The battle started with a heavy artillery bombardment from the Allies, the Germans in anticipation of this moved their troops into deeply dug trenches and bomb proof shelters, these were reinforced by barbwire entanglements that were up to forty feet long. After the initial artillery bombardment the Germans then expecting an infantry attack moved their troops once again to man machine guns ready to mow down the advancing British and French. The Allied soldiers then advanced over a 25 mile front. Four months later the Allies had forced the German Army to retreat, but the costs both in terms of lives lost and socially were huge.
The battle had dire political and social consequences for Great Britain, Lord Kitchener a firm believer in attrition, grinding your enemy down until they eventually had to surrender,saw the success of the military campaign as all important. The people of Britain looked at the battle with different eyes though and could not comprehend how 88,000 Allied lives could be lost for each mile of land gained in the battle. Even today people talk about a lost generation of 420,000 British young men who lost their lives to gain a 30 mile strip of land. During the early days of the battle the British newspapers were printing reports of how the Allies were winning the battle easily with the Germans surrendering in their droves, it was all nonsense and propaganda of course as the soldiers who were there could testify, the battles survivors had horrific tales of the carnage they had witnessed first hand. A German officer Friedrich Steinbrecher wrote Somme: "The whole history of the world cannot contain a more ghastly word ".
- Estimated casualties Allies = circa 600 thousand, Germans = circa 500 thousand
- First use of Tanks in battle.
- Allies gained a 30 mile strip of land that was 7 miles wide only 5 miles by some estimates..
- 88,000 Allied lives lost for every width mile of land gained.
- 51 Victoria Crosses were awarded to British Soldiers including 17 posthumously.
- The Somme epitomized the futility of trench warfare.
- 60,000 British casualties on day one including 20,000 dead.
- Commander of the British troops was General Haig.
The futility of trench warfare.
The video attached although comedic shows the futility of trench warfare and is rather poignant.
The Soldier By Rupert Brooke
Although this poem was written before the Battle of the Somme had taken place, it is a poem that encapsulates a soldiers feelings when fighting a war on a foreign soil and would seem apt for any war or battle.
IF I should die, think only this of me:
That there's some corner of a foreign field
That is forever England.

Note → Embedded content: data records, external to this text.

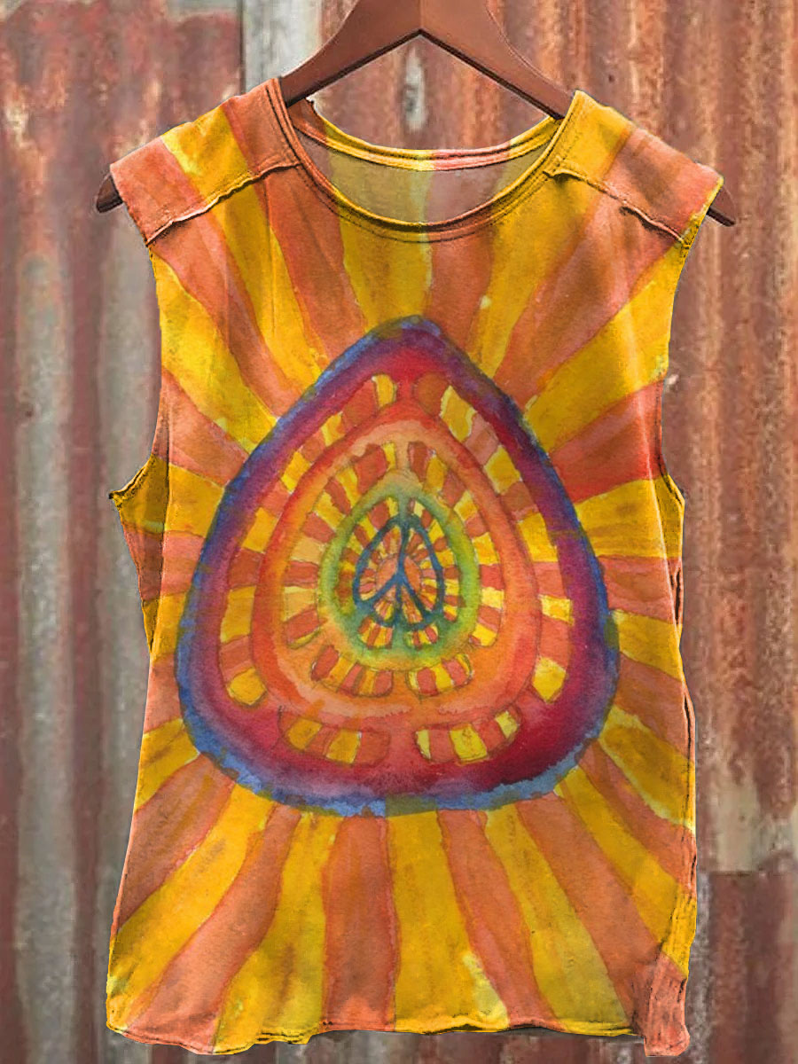 Hippie Heart Art Print 100% Cotton Casual Tank Top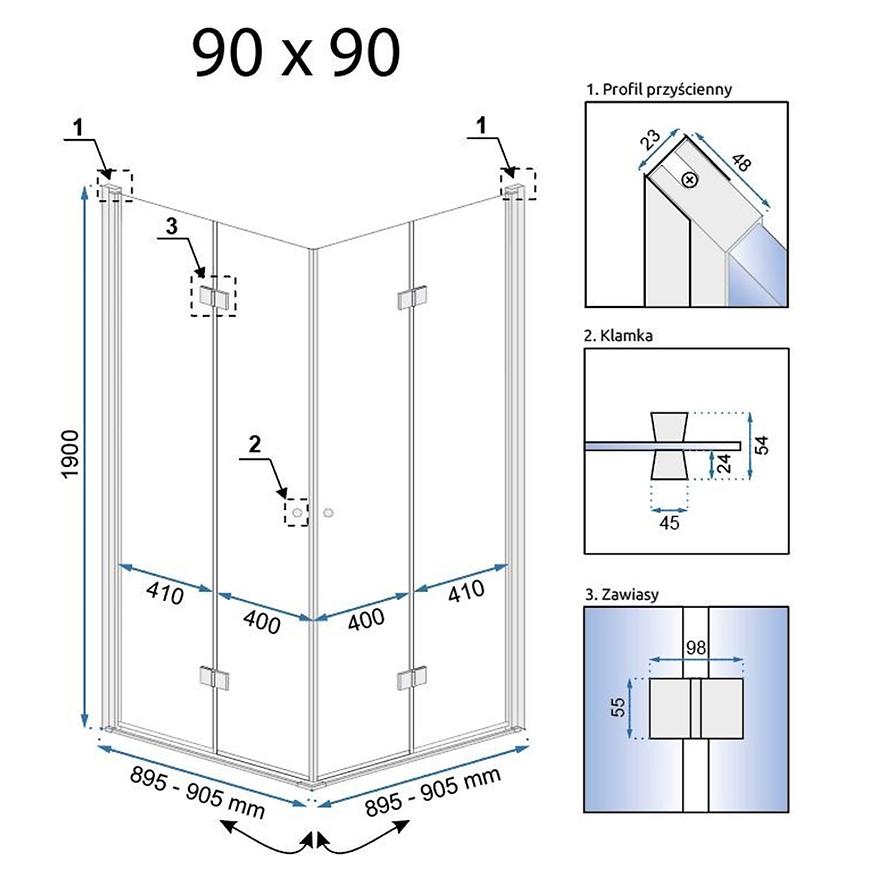 Kabina prysznicowa Fold N2 Rea K9991 90x90x190 chrom to eleganckie i praktyczne rozwiązanie do nowoczesnych łazienek. Jej wymiary 90x90 cm oraz wysokość 190 cm zapewniają komfort użytkowania, a solidna konstrukcja o wadze 56 kg gwarantuje stabilność i trwałość.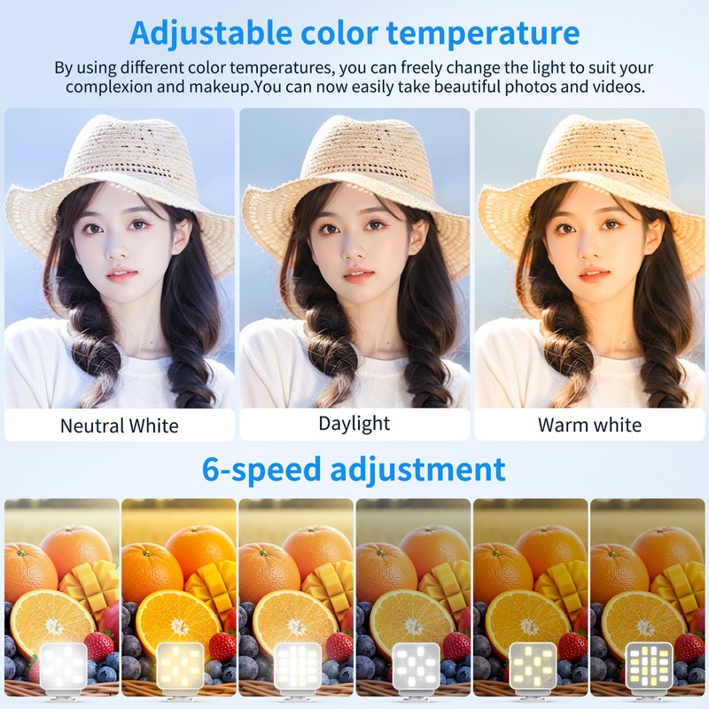 - Three Adjustable Color Temperatures: This mini LED video light includes 16 energy-efficient LED beads (8 warm + 8 cool), offering three fixed modes at 3000K, 4000K, and 6000K. With a brightness of up to 150Lx, it’s perfect for recording VLOGs with your action camera.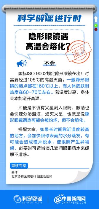 中新網(wǎng)9月20日電 吃火鍋時戴隱形眼鏡會熔化嗎?一般隱形眼鏡的熔點都在160℃以上,而人體皮膚耐熱度在60-70℃左右。若溫度過高,身體會本能避開高溫。即便是不慎有火星濺入眼睛,眼睛也會快速分泌淚液,熄滅火星,也就是說隱形眼鏡遇熱可能會被灼壞,但不會熔化。(來源:@科學(xué)辟謠 @中國新聞網(wǎng) )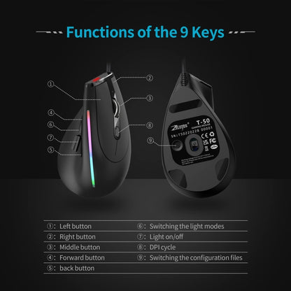 ZELOTES T50 9-Keys RGB Lighting Effect Vertical Grip Ergonomic Programming Wired Mouse(Black)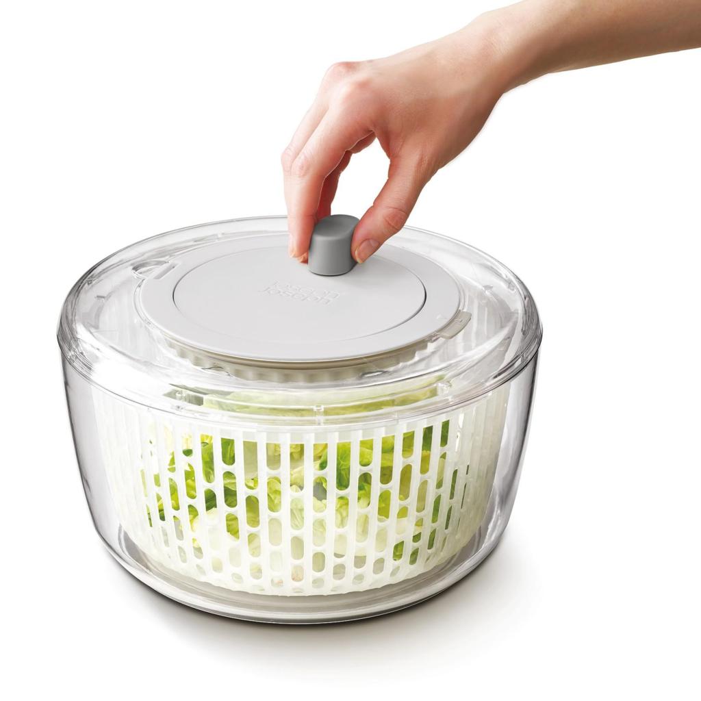 - Základom je rotačná odstredivka, ktorá po opláchnutí šetrne a efektívne vysuší listy šalátu, aby zostali chrumkavé a pripravené na okamžité servírovanie.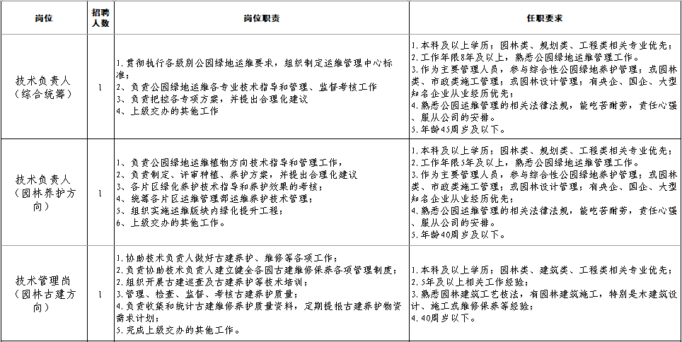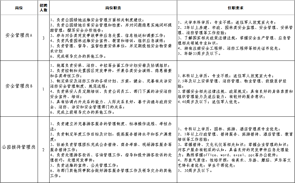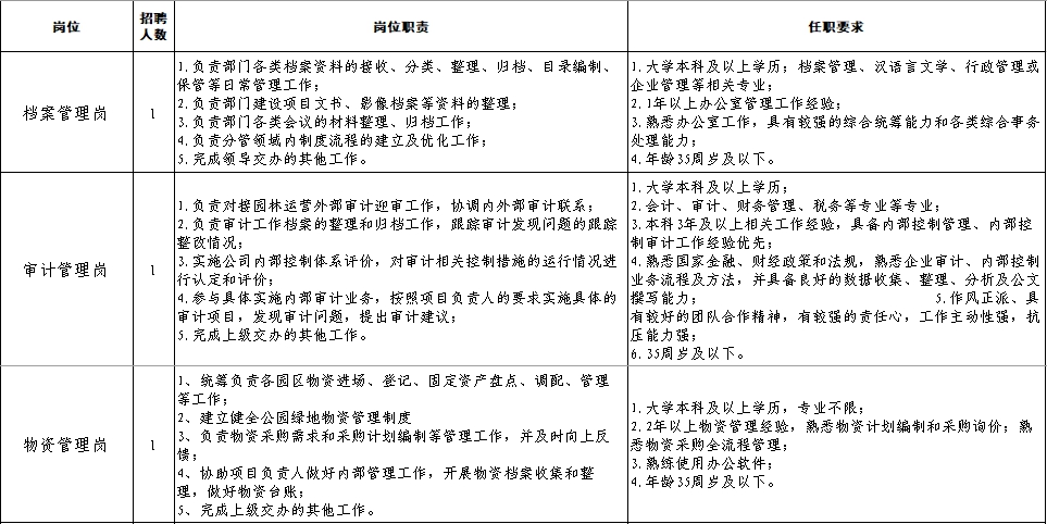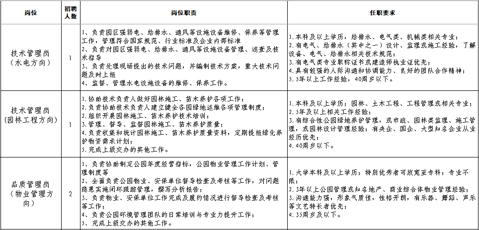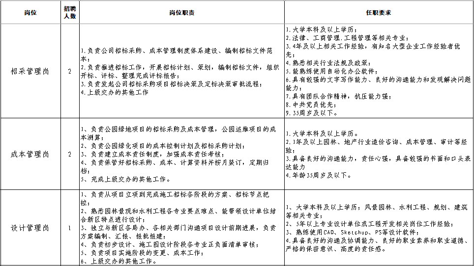 招聘岗位及岗位要求详见下表或招聘报名页面。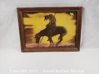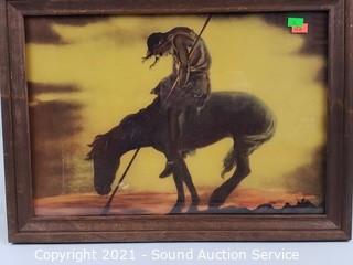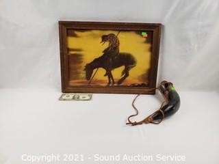 Lot #0090: Vtg. End of the Trail Print & Powder Horn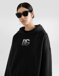 Jersey hoodie with rhinestone-detailed DG embellishment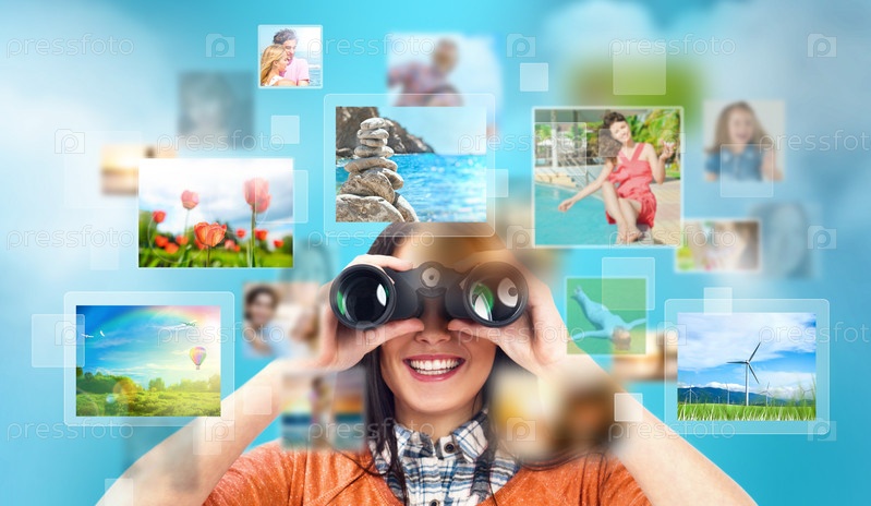 Портрет молодой женщины с медиа-файлами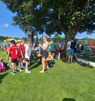 Zwischen den Spielen nutzte man die Möglichkeit, um bei den Minis zuzuschauen oder die weibliche D-Jugend auf dem Weg zum Turniersieg zu unterstützen. Die obligatorischen Pommes und Eis durften neben einer Wasserschlacht natürlich auch nicht fehlen. Für alle Kinder ein schöner Turniertag beim Top organisierten Turnier in Brenz.
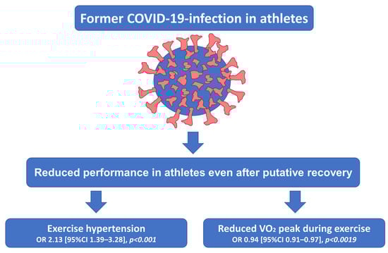 The impact of former COVID-19 infection on the performance of athletes is not fully understood. We aimed to identify differences in athletes with and without former COVID-19 infections. Competitive athletes who presented for preparticipation screening between April 2020 and October 2021 were included in this study, stratified for former COVID-19 infection, and compared. Overall, 1200 athletes (mean age 21.9 ± 11.6 years; 34.3% females) were included in this study from April 2020 to October 2021. Among these, 158 (13.1%) athletes previously had COVID-19 infection. Athletes with COVID-19 infection were older (23.4 ± 7.1 vs. 21.7 ± 12.1 years, p < 0.001) and more often of male sex (87.7% vs. 64.0%, p < 0.001). While systolic/diastolic blood pressure at rest was comparable between both groups, maximum systolic (190.0 [170.0/210.0] vs. 180.0 [160.0/205.0] mmHg, p = 0.007) and diastolic blood pressure (70.0 [65.0/75.0] vs. 70.0 [60.0/75.0] mmHg, p = 0.012) during the exercise test and frequency of exercise hypertension (54.2% vs. 37.8%, p < 0.001) were higher in athletes with COVID-19 infection. While former COVID-19 infection was not independently associated with higher blood pressure at rest and maximum blood pressure during exercise, former COVID-19 infection was related to exercise hypertension (OR 2.13 [95%CI 1.39–3.28], p < 0.001). VO2 peak was lower in athletes with compared to those without COVID-19 infection (43.4 [38.3/48.0] vs. 45.3 [39.1/50.6] mL/min/kg, p = 0.010). SARS-CoV-2 infection affected VO2 peak negatively (OR 0.94 [95%CI 0.91–0.97], p < 0.0019). In conclusion, former COVID-19 infection in athletes was accompanied by a higher frequency of exercise hypertension and reduced VO2 peak.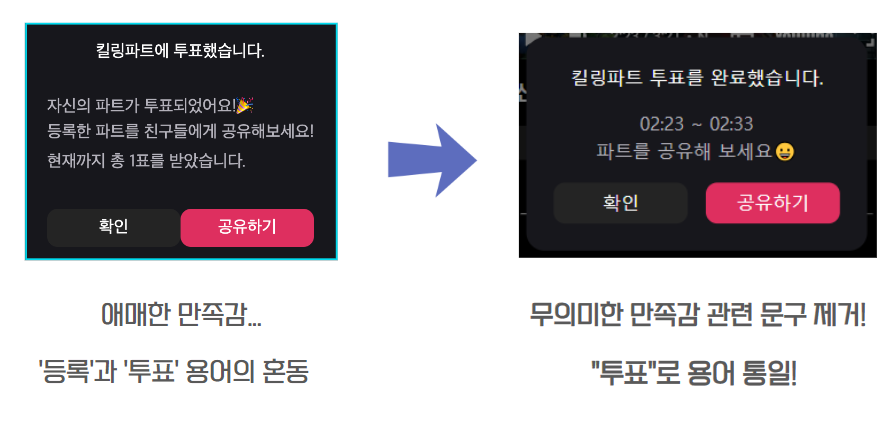 최종적으로 위 사진처럼 모달에서 애매한 만족감을 주는 문구를 삭제하였고, 용어를 통일했습니다.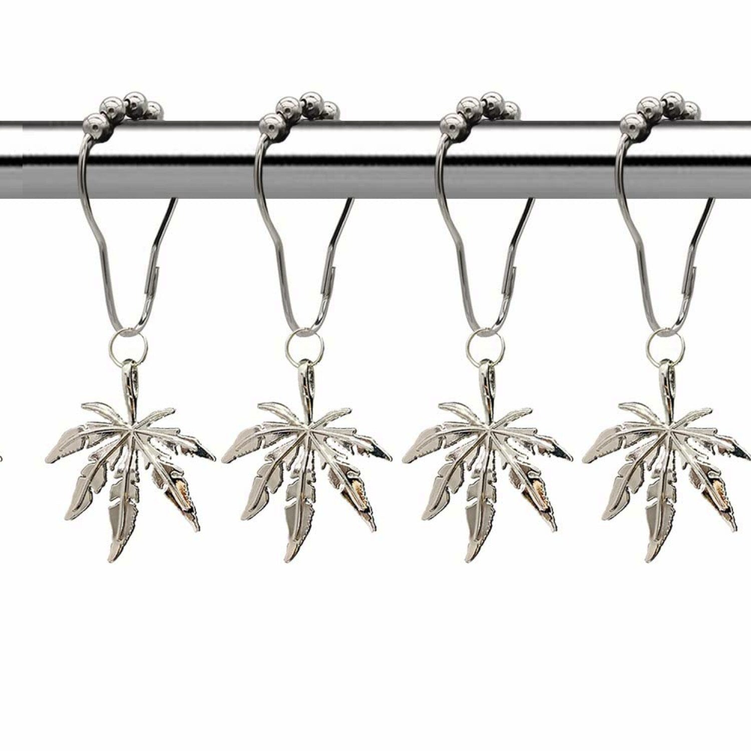 These shower curtain hooks are crafted from durable stainless steel, ensuring rust resistance and stability for heavy curtains. The hooks feature a polished chrome finish that prevents rust, even in wet bathroom environments. Designed for smooth sliding along shower rods, they eliminate noise and prevent scratching, making opening and closing effortless. Each set includes 12 hooks, each adorned with a decorative marijuana leaf pendant, adding an elegant touch to your bathroom decor. Suitable for standard shower curtain rods measuring 22-35mm in diameter, these hooks are versatile and can be used in various rooms such as living rooms, bedrooms, children's rooms, or outdoor spaces like courtyards. They can also serve as decorative pendants in homes, cafes, restaurants, or dormitories. The set combines functionality with aesthetic appeal, providing a practical and stylish solution for hanging curtains or decorative items.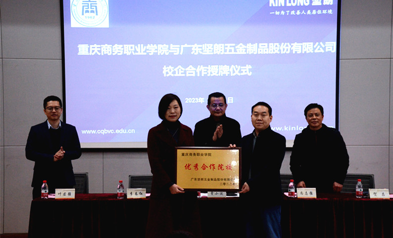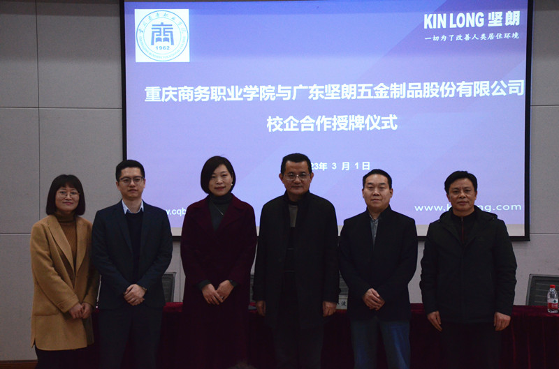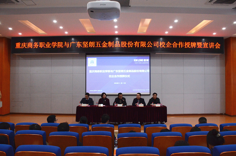 【文/贺睿 图/党委宣传部 】为深化校企合作,实施产教融合,提升人才培养质量,助力学生成长成才。3月1日下午,重庆商务职业学院经济贸易学院与广东坚朗五金制品股份有限公司(以下简称坚朗)校企合作授牌暨订单班宣讲会在第二学术报告厅举行。学校副院长贾小波、坚朗重庆分公司总经理尚志强及其团队、经济贸易学院党政领导班子及师生代表出席仪式。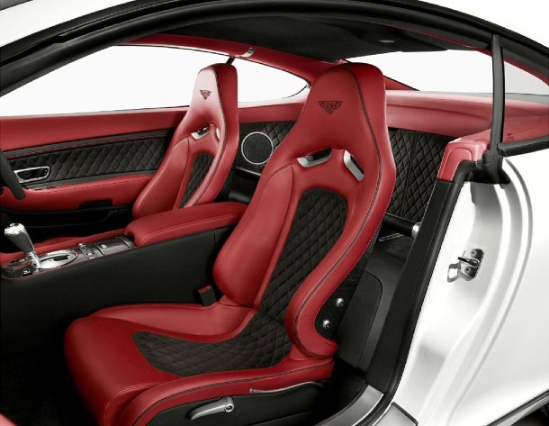 Der Innenraum des Continental Supersports wurde sportlich und edel gestaltet. Der reine Zweisitzer (-45 kg) glänzt mir viel Carbon und Alcantara. Besonders ins Auge fallen die neuen, extra Leichten Sportsitze mit Rückenschalen aus Carbon. Dort, wo eigentlich die Rücksitze zu finden sind, ist nun ein Staufach mit Carbonstrebe zur Gepäcksicherung.
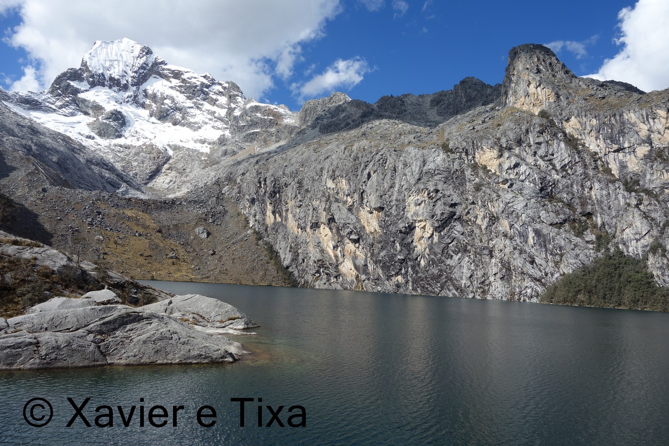 Com 2h10m de caminhada chegamos à simpática Laguna Churup(4450m), ficámos por lá uma hora, tempo para almoçar e apreciar a paisagem.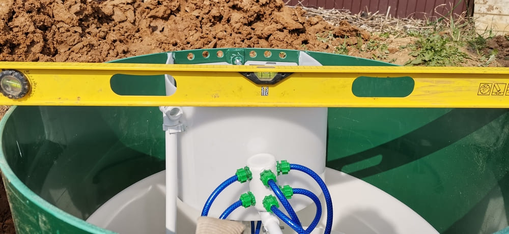 Отфильтрованная жидкость после биообработки поднимается до уровня фильтров и просачивается через них, достигая полной чистоты. После прохождения через фильтры вода может быть сброшена в ландшафт или использована в дальнейшем в технических целях.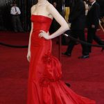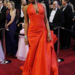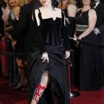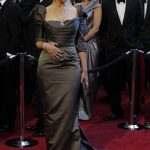 Sandra Bullock found another way to get Kidman’s attention, dropping her clutch at the actress’ feet. “Nicole, now look what you’ve done,” she said in mock exasperation. Last year’s Best Actress winner was a good deal more relaxed as a presenter, saying, “I chose this Vera Wang gown because my son recognizes the color red, so I figured if he saw me on television he’d look at me instead of Gwyneth or Nicole, which is what usually happens.” Helen Mirren chose her Vivienne Westwood gown “because I’m flying the flag to support British fashion. She just opened a store here in Los Angeles so I wanted to show everyone how beautiful her dresses are.” Fellow Brit Helena Bonham Carter wasn’t as selfless when it came to choosing her gown, though it was designed by Brit Colleen Atwood: “I wanted a bustle so I wouldn’t be worried about my bum looking too big.”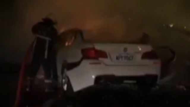,小客車爆炸起火,消防隊火速趕到撲滅火勢,發現車內2人來不及逃生,已經燒成焦屍,身分有待釐清。

There shall be
In that rich earth a richer dust concealed;
A dust whom England bore, shaped, made aware,
Gave, once, her flowers to love, her ways to roam,
A body of England's, breathing English air,
Washed by the rivers, blessed by the suns of home.
And think, this heart, all evil shed away,
A pulse in the eternal mind, no less
Gives somewhere back the thoughts by England given;
Her sights and sounds; dreams happy as her day;
And laughter, learnt of friends; and gentleness,
In hearts at peace, under an English heaven.